Dash cams can be powered via a charging cable plugged into the cigarette lighter socket and are only then powered when the key is in the ignition and the car is on – meaning the battery is being charged whilst powering the dash cam. However, older cars using this method don’t have a cut out function and this can mean that the dash cam is permanently charging and will drain the battery.
Hardwiring the dash cam into the switchboard of the car is the most common way to power it up.
With a dual wire kit, one wire for power and one for ground, they are usually plugged into a fuse which will charge when the car is switched on. This method won’t drain your car battery as it switches the dash cam off when the engine is off.

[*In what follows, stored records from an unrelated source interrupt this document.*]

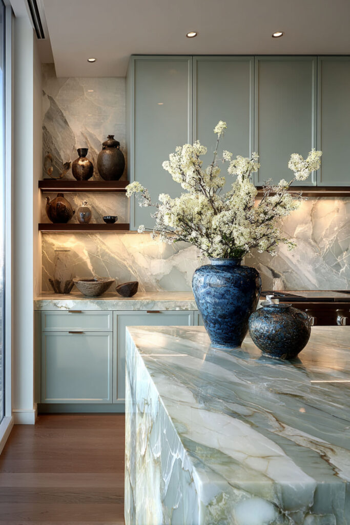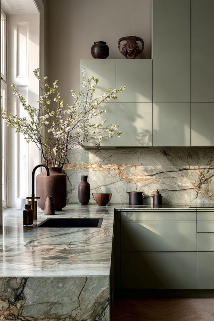I recommend sage green shaker cabinets paired with a green-veined marble countertop and a matching slab backsplash. The marble’s natural green veining picks up the cabinet color, and together they create this envelope of soft green that makes the kitchen feel like being inside a living thing — a garden, a grove, a greenhouse. Kitchen green marble countertops paired with sage cabinets is one of those combinations that feels almost inevitable when you see it done right.
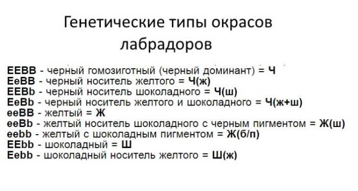 В генетике буквами В и E обозначают черный цвет шерсти. Эти гены оба доминантные. Шоколадный и палевый окрас обозначены буквами b и e, и это рецессивные гены. Всего существует 9 разных комбинаций генов. Щенку передается пара генов от каждого родителя.
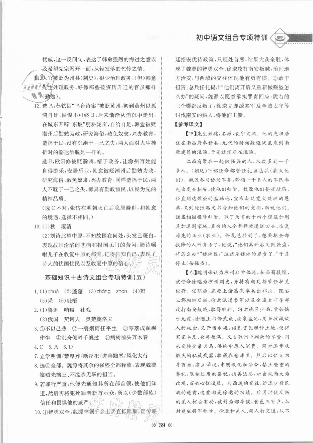 注:目前有些书本章节名称可能整理的还不是很完善,但都是按照顺序排列的,请同学们按照顺序仔细查找。练习册 2020年初中语文中考专项突破特训基础知识加古诗文 答案主要是用来给同学们做完题方便对答案用的,请勿直接抄袭。
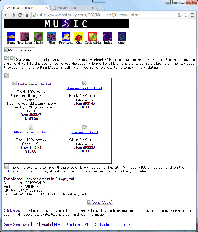 マイケルのサイト内ページじゃないし、見苦しいから再現ページにはせずスルーすっか
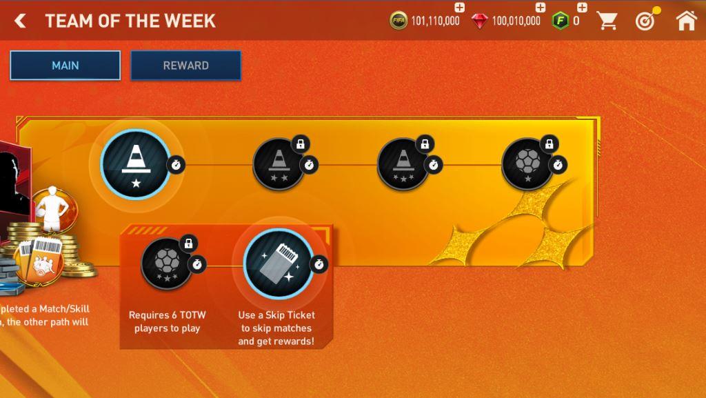 There are also 2 additional ads every day that you need to watch. Play Skill Games and Matches in TOTW every week for TOTW Points. You have the choice between 2 paths: Top Path and Bottom Path. Once you choose to play one of the paths, the other becomes locked. Skip Tickets can be obtained with TOTW Points if you want to skip the match play and quickly receive your rewards.
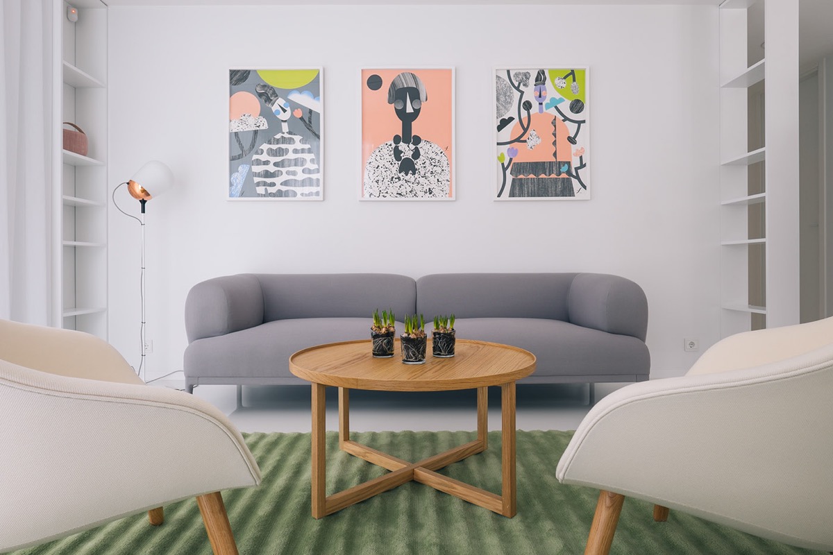 Първият разлив на цветове ни посреща на стената над самия диван и
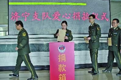 6日上午,济宁市消防支队举行了一场捐款仪式,为高新区消防中队战士梁开仲患脑膜炎的1岁儿子梁志翔献爱心。捐款活动开展一周就募集善款85855元,目前活动仍在继续进行。 陈鸿儒 李峰 井源 摄影报道
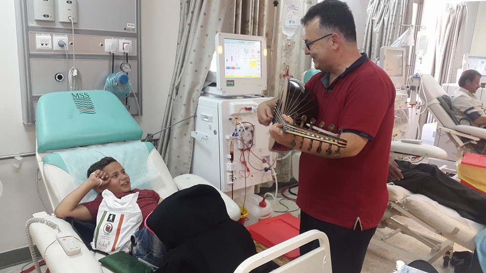 وجرى تجميع الأطفال في غرفة خاصة مع أهاليهم، وعزف مقطوعات موسيقية وغنائية ترفيهية من أداء الأستاذ حبيب الديك مدرب الموسيقى في المركز، كما تم التوجه إلى وحدة غسل الكلى بموسيقى وغناء تتناسب مع جميع الفئات العمرية المتواجدة هناك.

Another method to hardwire your dash cam is to use a kit with three wires, one for constant power, one for car battery power and the third for ground. This method could drain your battery as it is powering the camera continuously when the car is parked and switched off. However, our cameras have a choice of parking modes which help to save battery power.

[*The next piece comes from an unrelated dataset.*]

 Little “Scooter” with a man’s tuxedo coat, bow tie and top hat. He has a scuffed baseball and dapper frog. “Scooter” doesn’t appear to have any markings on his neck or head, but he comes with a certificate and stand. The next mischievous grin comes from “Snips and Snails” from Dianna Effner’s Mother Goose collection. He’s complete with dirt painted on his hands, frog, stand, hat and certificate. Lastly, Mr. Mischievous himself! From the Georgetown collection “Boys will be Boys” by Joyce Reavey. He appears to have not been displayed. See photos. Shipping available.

Motion and impact detection, as well as radar motion detection, means that the camera will only use power to record if there is movement to set it in motion. Time lapse is another parking feature as it shoots a still shot every few seconds rather than continuous recording. Time lapse function can switch to normal recording if motion or impact is detected.
Buffered parking mode is another feature where the dash cam can record without writing to the SSD memory card but records continuously, saving the images to the internal memory as cache, all of which saves the battery of the car.
The dash cam can also detect when the battery power of the car is getting low and switch itself off to save the car battery in order to make certain the car can be turned on in the morning.
The main reason you shouldn’t be worried about your battery dying is the simple reason that they don’t use a lot of power. A standard dash cam only needs about half the power of a standard light bulb to operate normally.
So, the answer to the question – does hardwiring a dash cam drain your car battery is yes and no. At Viofo our cutting-edge dash cams are designed to ensure that your battery doesn’t get severely drained.
When you turn on your engine, any power that has drained will be replaced, and as our dash cams are using the newest of technology, any power that they use while parked is minimal, ensuring the long life of your car battery.